Historical Development of Gamification and its usages in some Business Models Used
Games, historically, can have serious connotations including military war games and mathematical or economic game theory. Serious games are games that try to solve real-world problems. Gamification is a relatively new term highly related to serious games. The basic idea of gamification is to engage players and solve real-world problems using game mechanics. Researchers in gamification are attempting to overcome the stigma that games, or at the very least, game mechanics, and work cannot overlap. Not only can they overlap, but the interplay between games and work can lead to more productive workers, more profitable businesses, and even be applied to solving large-scale problems such as the obesity epidemic. In fact, gamification has been around for centuries and is ever-present in society today. Consider a common problem that parents face when attempting to feed an unwilling child vegetables. A typical solution to this problem is to pretend a spoonful of vegetables is actually an airplane coming in for a landing in the airstrip, which in this case is actually the child ' s mouth.
Using computing to deliver education has a long history. The computer aided instruction (CAI) programs on the 1970s and 1980s pioneered rote learning and record keeping but were not arguably entertaining. Edutainment games, games that mix entertainment and education, including The Oregon Trail , Reader Rabbit , Math Blaster , and Where in the World Is Carmen Sandiego?, were introduced into classrooms in the 1980s and reached their height of popularity in the 1990s.

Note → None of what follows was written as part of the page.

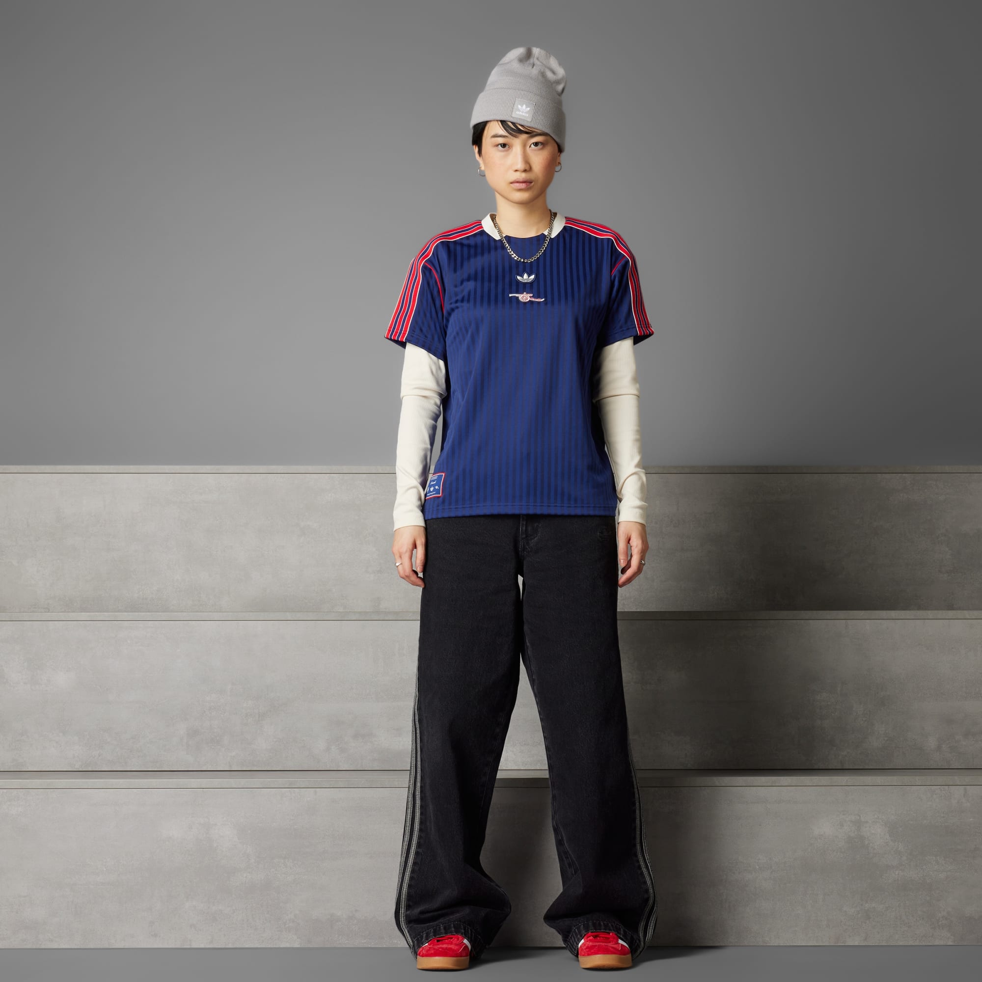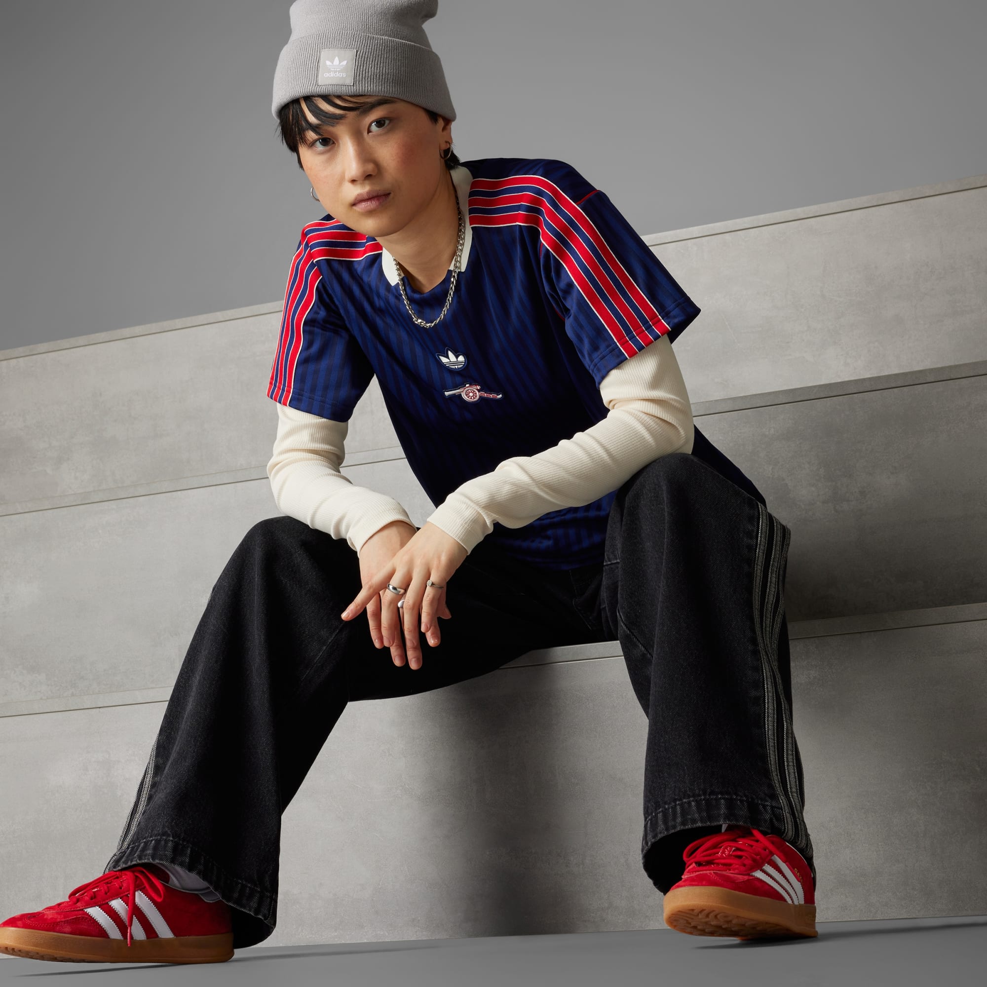 Všeho nech! Ikony 80. let se vrací! Nový dres Arsenal Terrace Icons ti dodá stylový vzhled a zároveň všem ukáže, komu fandíš. Tuto soupravu inspirovanou fotbalovými modely z 80. let zdobí retro znak s kanónem a kultovní trojlístek adidas. Zkombinuj ji třeba s džínami a botami Gazelle.

It has been two decades since that time. What happened to the edutainment industry? At the time these games were being developed, the budget for edutainment games was nearly the same as entertainment games, which is why blockbuster games could be created. But a chain reaction in price slashing resulted in educational software selling for prices only 10% of what it had originally cost, devastating the industry. Since that time, games like SimCity and Civilization have successfully mixed education and gaming but with the emphasis on fun. In SimCity players are tasked with creating and managing a city, including placing residential, commercial, and industrial buildings, placing roads and railways, managing an electrical grid, and dealing with natural disasters. Civilization has players develop empires throughout different ages, from an ancient era to future times; the primary tasks in the game involve exploration, diplomacy, and warfare. The lesson to learn is that gamification must be approached with a fun-first attitude where education is merely a byproduct of fun. Mixing education and fun can work. Third grade elementary teacher Ananth Pai recently introduced games in the classroom as a way of individualizing learning. Pai focuses on helping students understand broad concepts, while he uses games to provide a method of learning skills that adhere to an individual student ' s needs. According to researcher David Heistad, Pai's students are earning scores that show very high growth.